> _Your task_
Please set down the data again exactly, minus the pictures.

[Data section — start]

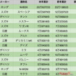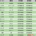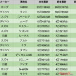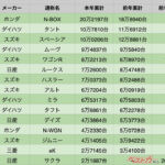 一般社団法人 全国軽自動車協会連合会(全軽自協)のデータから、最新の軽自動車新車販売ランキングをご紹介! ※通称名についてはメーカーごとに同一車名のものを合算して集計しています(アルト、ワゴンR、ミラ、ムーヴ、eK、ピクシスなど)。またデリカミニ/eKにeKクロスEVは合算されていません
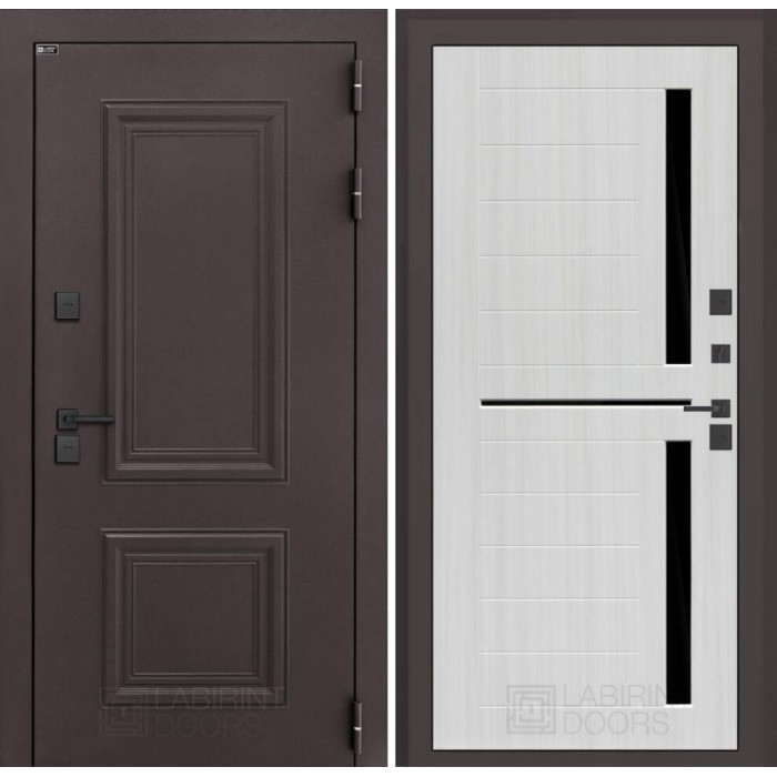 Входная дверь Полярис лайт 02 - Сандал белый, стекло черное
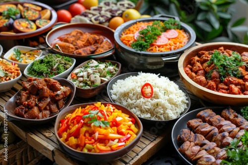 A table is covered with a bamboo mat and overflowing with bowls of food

[Data section — finish]

> _Task solution_
 一般社団法人 全国軽自動車協会連合会(全軽自協)のデータから、最新の軽自動車新車販売ランキングをご紹介! ※通称名についてはメーカーごとに同一車名のものを合算して集計しています(アルト、ワゴンR、ミラ、ムーヴ、eK、ピクシスなど)。またデリカミニ/eKにeKクロスEVは合算されていません
 Входная дверь Полярис лайт 02 - Сандал белый, стекло черное
 A table is covered with a bamboo mat and overflowing with bowls of food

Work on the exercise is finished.